▶ **DESCRIPTION OF THE TASK**
I would like the entries transcribed word for word, please, with the pictures removed.

▶ **DATA SHOWN**
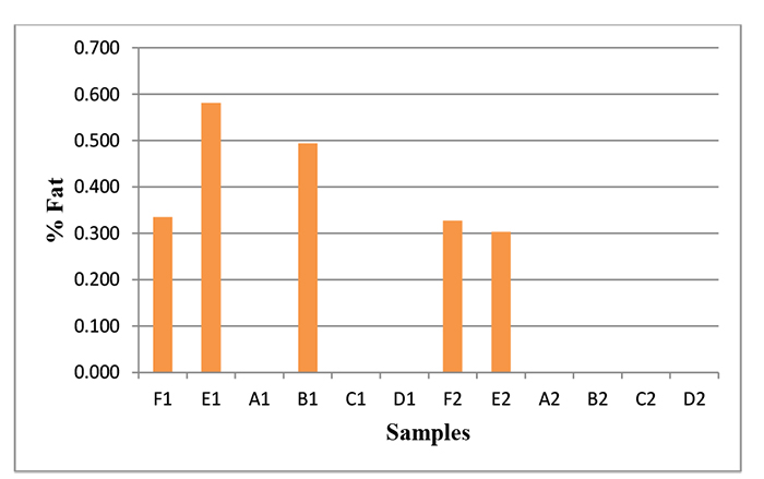 The fat content of both the treated and untreated fresh samples are the same. Unfortunately, no meaningful inference can be drawn from the Fig. (4), as the fat content in most of the samples could not be detected. This means that the fat content of bananas after drying is very small in amount.
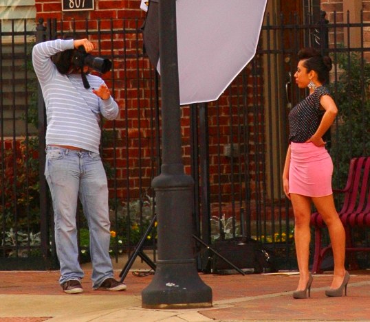 In a continuation of good omens, as I was driving down there, coming off of Good Latimer Freeway, I cut through a new urban condominium development and spotted someone doing a photo shoot on the sidewalk – either a fashion shoot or a set of senior pictures. There was a photographer, a model, a couple assistants off to the side, and a small collection of lights, diffusers, and reflectors.
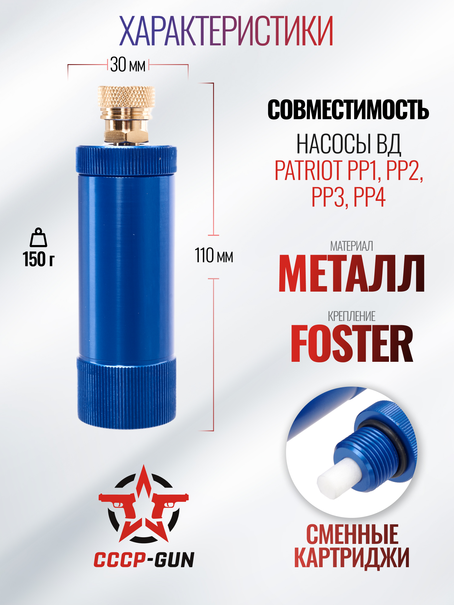 За очистку воздуха отвечают сменные картриджи - в комплекте с изделием Патриот идет набор запасных элементов. Следовательно, конструкцию осушителя выполнили разборной - заднюю пробка и корпус соединили посредством резьбы. Помимо указанных расходников в ЗИП также входят уплотнительные кольца.
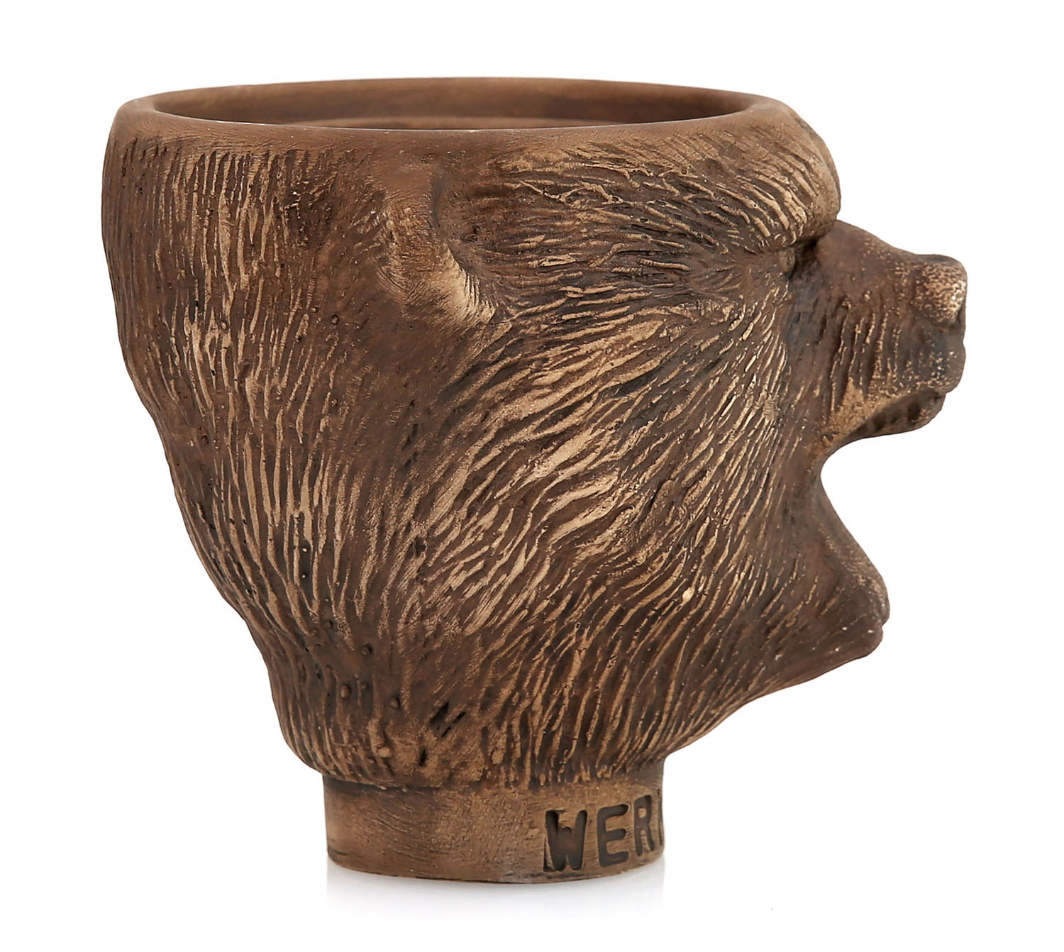 Der Werkbund Bear wird aus 3 verschiedenen Tonarten hergestellt und durchläuft 3 Brennverfahren um den Kopf perfekt zu stabilisieren und zu härten. Dabei wurden keine Farbstoffe verwenden. Die Farbe des Kopfes ist die natürliche Farbe der verschiedenen Tonsorten.
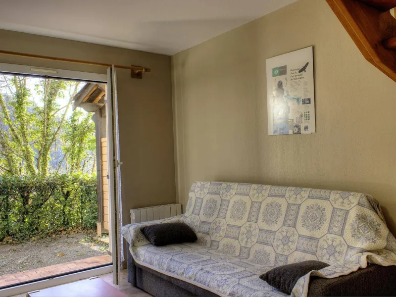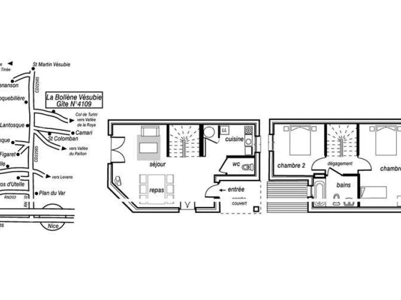 Stay at the foot of an Alpine village in the Vésubie valley, Mercantour surrounded by chestnut and larch trees. Set of 8 adjoining communal gîtes located in the Puey district. Ideal for meeting up with several families or friends while maintaining privacy by reserving several gîtes. The Gîte Héliotrope is located at one end of this complex and adjoining the Gîte Géranium (4108). Leisure park nearby, shops and swimming pool (in summer) in the village. The Col de Turini road (12km) and its numerous bends are famous in the automobile world. In fact, every year in January the Monte Carlo Rally organizes one of its specials there. 15km away, many activities await you in summer and winter at the Camp d'Argent station, and particularly around the Authion massif. 12km also to reach the spa resort of Berthemont les Bains.Héliotrope duplex gîte. Ground floor : Covered entrance-porch. Living room with kitchen area 23 m2 with 1 sofa bed (140x190), TV with indoor antenna. Independent WC.
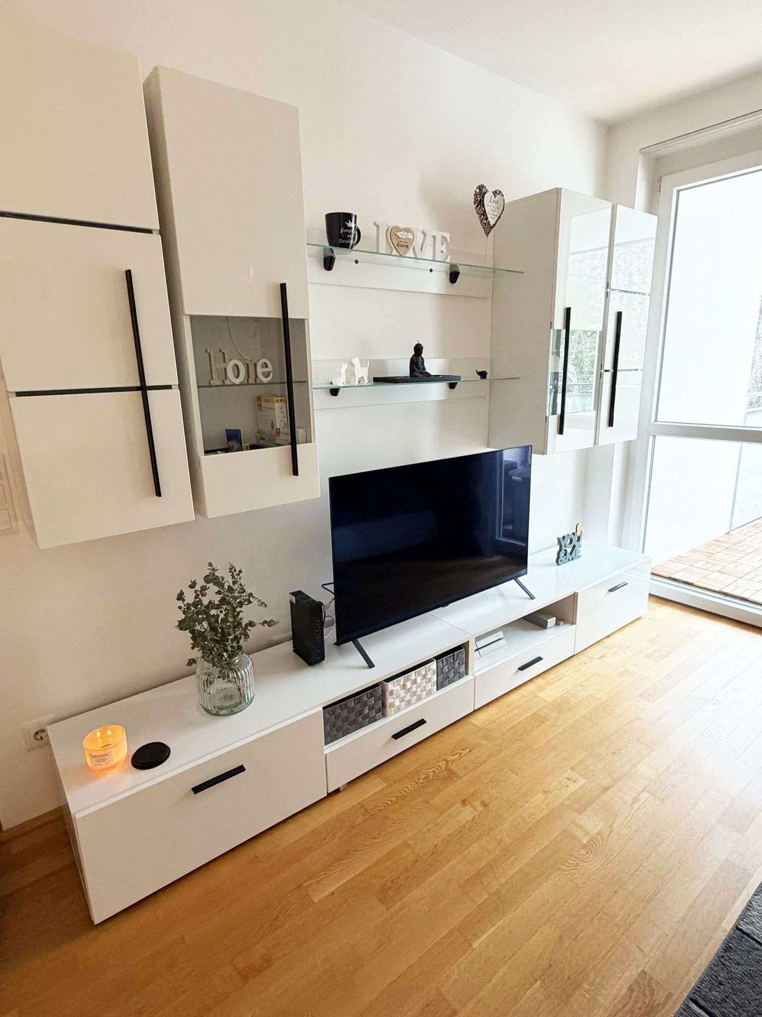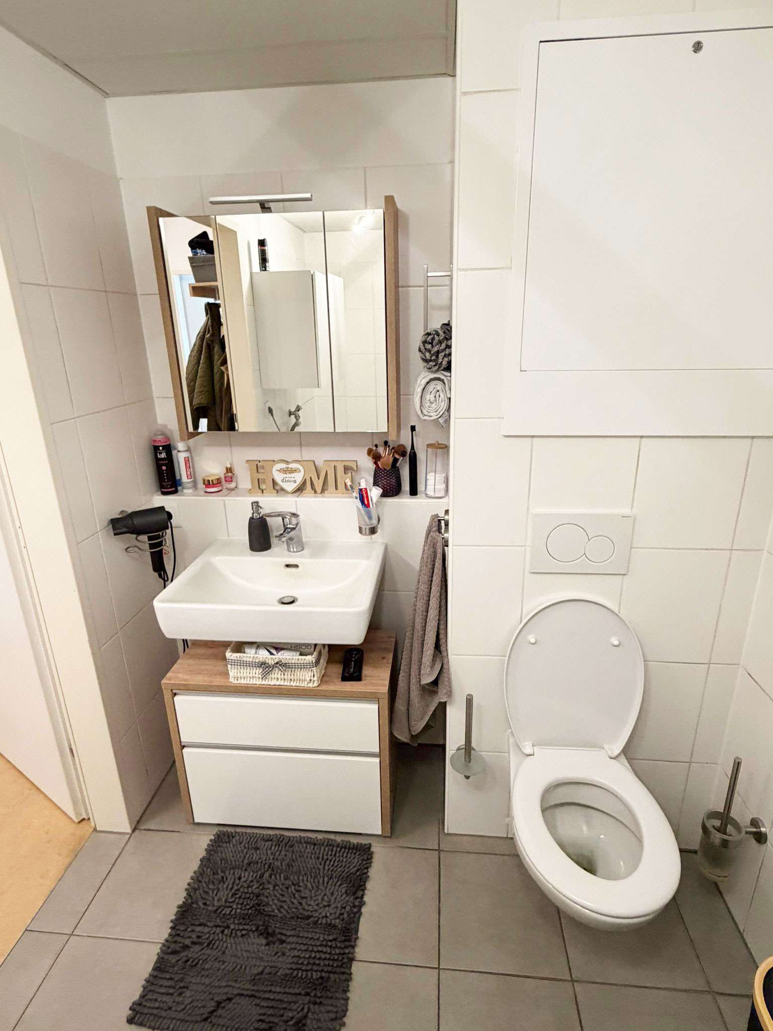 Die Küche, Esstisch und Bänke, Wohnwand, Couch, Schlafzimmer Kasten, Bett, Garderobe und die Möbel im Bad können nach Absprache mit dem derzeitigen Mieter abgelöst werden.

▶ **OUTPUT OF THE EXERCISE**
 The fat content of both the treated and untreated fresh samples are the same. Unfortunately, no meaningful inference can be drawn from the Fig. (4), as the fat content in most of the samples could not be detected. This means that the fat content of bananas after drying is very small in amount.
 In a continuation of good omens, as I was driving down there, coming off of Good Latimer Freeway, I cut through a new urban condominium development and spotted someone doing a photo shoot on the sidewalk – either a fashion shoot or a set of senior pictures. There was a photographer, a model, a couple assistants off to the side, and a small collection of lights, diffusers, and reflectors.
 За очистку воздуха отвечают сменные картриджи - в комплекте с изделием Патриот идет набор запасных элементов. Следовательно, конструкцию осушителя выполнили разборной - заднюю пробка и корпус соединили посредством резьбы. Помимо указанных расходников в ЗИП также входят уплотнительные кольца.
 Der Werkbund Bear wird aus 3 verschiedenen Tonarten hergestellt und durchläuft 3 Brennverfahren um den Kopf perfekt zu stabilisieren und zu härten. Dabei wurden keine Farbstoffe verwenden. Die Farbe des Kopfes ist die natürliche Farbe der verschiedenen Tonsorten.
 Stay at the foot of an Alpine village in the Vésubie valley, Mercantour surrounded by chestnut and larch trees. Set of 8 adjoining communal gîtes located in the Puey district. Ideal for meeting up with several families or friends while maintaining privacy by reserving several gîtes. The Gîte Héliotrope is located at one end of this complex and adjoining the Gîte Géranium (4108). Leisure park nearby, shops and swimming pool (in summer) in the village. The Col de Turini road (12km) and its numerous bends are famous in the automobile world. In fact, every year in January the Monte Carlo Rally organizes one of its specials there. 15km away, many activities await you in summer and winter at the Camp d'Argent station, and particularly around the Authion massif. 12km also to reach the spa resort of Berthemont les Bains.Héliotrope duplex gîte. Ground floor : Covered entrance-porch. Living room with kitchen area 23 m2 with 1 sofa bed (140x190), TV with indoor antenna. Independent WC.
 Die Küche, Esstisch und Bänke, Wohnwand, Couch, Schlafzimmer Kasten, Bett, Garderobe und die Möbel im Bad können nach Absprache mit dem derzeitigen Mieter abgelöst werden.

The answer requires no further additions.